== Aim of the task ==
Print what the records say exactly, and omit the pictures.

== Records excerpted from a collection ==
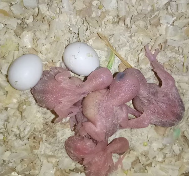 The chicks begin to peck the egg from the blunt end. It is rather rare, but it is possible that two chicks (twins) live in one egg. Parrots start feeding their young 12 hours after the first hatching. To feed the chicks for adults at home is usually not difficult. The female regurgitates the absorbed food in the chicks' beaks. A common misconception about the large appetite of chicks. In fact, they stop asking for food as soon as their gobs are filled.
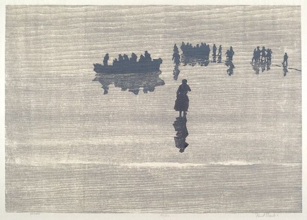 Devin Leonardi made this gray and black toned photograph called Broadwater, but the date is not known, and it feels like it could have been done at any point in the last hundred years. There's a crowd of figures standing around near what looks like a canal or a riverbank, and the reflections are so powerful, it becomes difficult to understand what is surface and what is depth. The tones range from pale gray to almost black, and the textures in the print have a lovely granular feel, like early photography. This work really highlights the materiality of traditional photographic processes, and allows the viewer to become aware of the range and depth that can be achieved with monochrome imagery. Look how the surface of the water is suggested with delicate strokes of gray, that look like gentle ripples. Leonardi's visual language has echoes of Walker Evans's social documentary, but he also has a strong awareness of abstraction. The final image walks a fine line between representation and pure form.
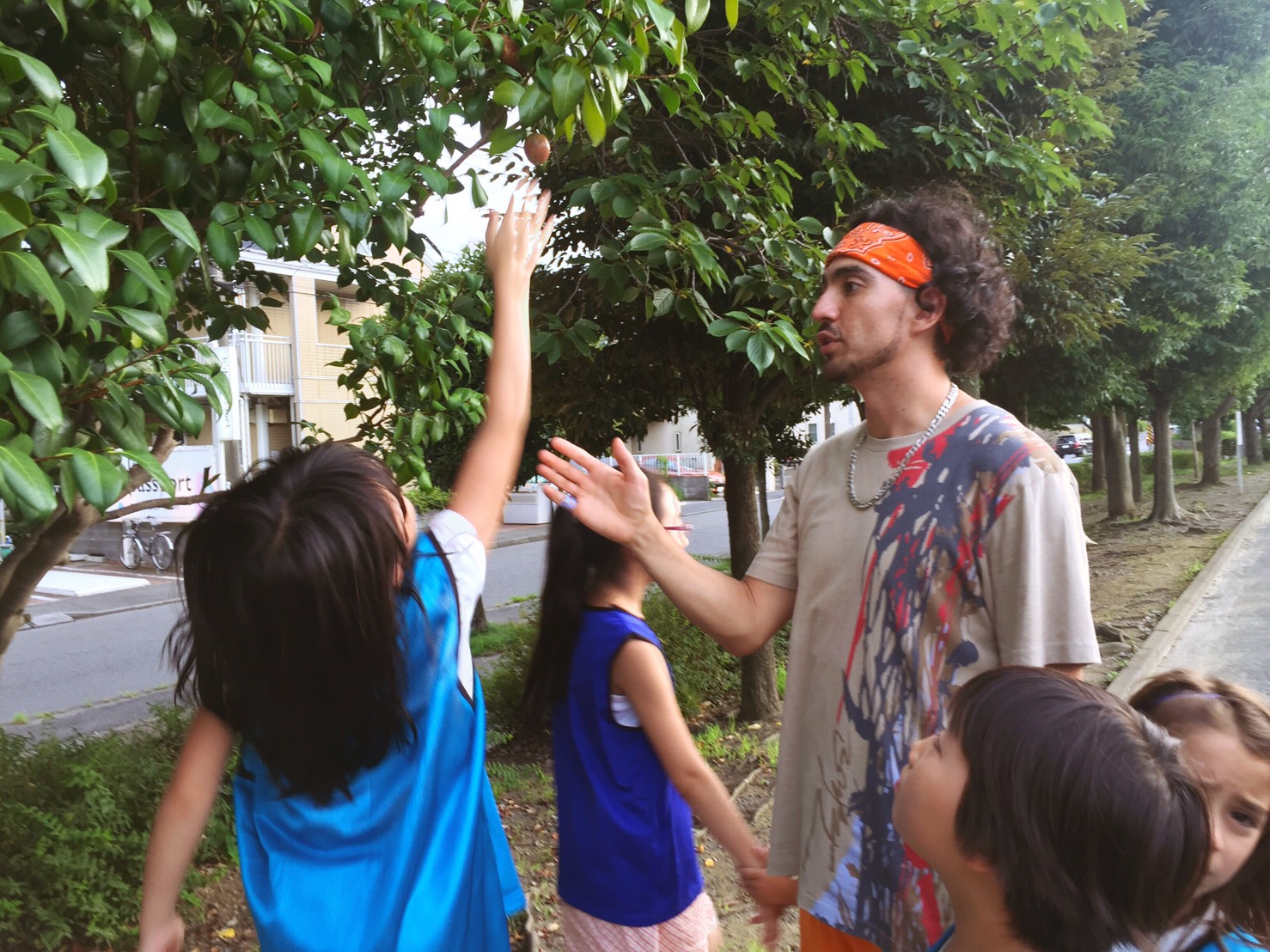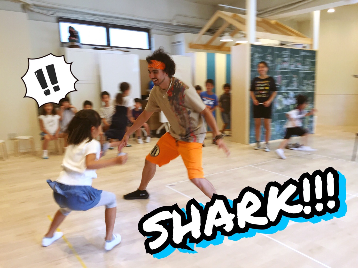 まずはいつものように、準備運動です。パイレーツゲームで英語の指令を聞いて、運動しながらお腹をすかせましょう!
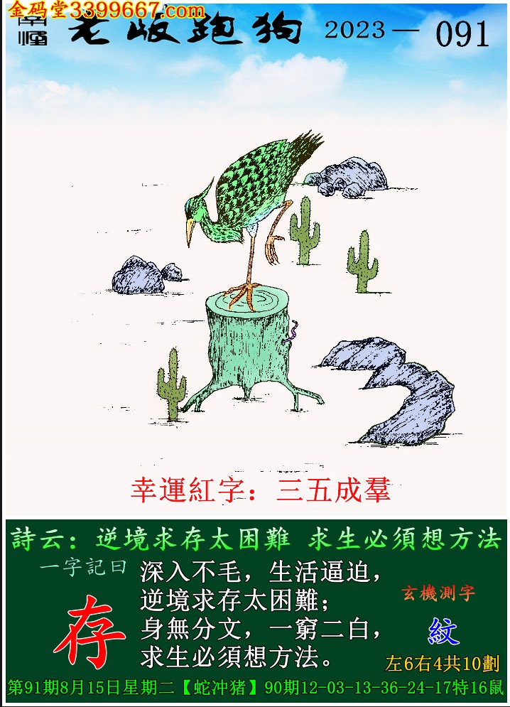 091期老版跑狗一字記之曰:【存】 玄機測字:《紋》
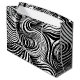 Black and white lines swirl and twist in a hypnotic pattern creating a sense of movement

== Task result ==
 The chicks begin to peck the egg from the blunt end. It is rather rare, but it is possible that two chicks (twins) live in one egg. Parrots start feeding their young 12 hours after the first hatching. To feed the chicks for adults at home is usually not difficult. The female regurgitates the absorbed food in the chicks' beaks. A common misconception about the large appetite of chicks. In fact, they stop asking for food as soon as their gobs are filled.
 Devin Leonardi made this gray and black toned photograph called Broadwater, but the date is not known, and it feels like it could have been done at any point in the last hundred years. There's a crowd of figures standing around near what looks like a canal or a riverbank, and the reflections are so powerful, it becomes difficult to understand what is surface and what is depth. The tones range from pale gray to almost black, and the textures in the print have a lovely granular feel, like early photography. This work really highlights the materiality of traditional photographic processes, and allows the viewer to become aware of the range and depth that can be achieved with monochrome imagery. Look how the surface of the water is suggested with delicate strokes of gray, that look like gentle ripples. Leonardi's visual language has echoes of Walker Evans's social documentary, but he also has a strong awareness of abstraction. The final image walks a fine line between representation and pure form.
 まずはいつものように、準備運動です。パイレーツゲームで英語の指令を聞いて、運動しながらお腹をすかせましょう!
 091期老版跑狗一字記之曰:【存】 玄機測字:《紋》
 Black and white lines swirl and twist in a hypnotic pattern creating a sense of movement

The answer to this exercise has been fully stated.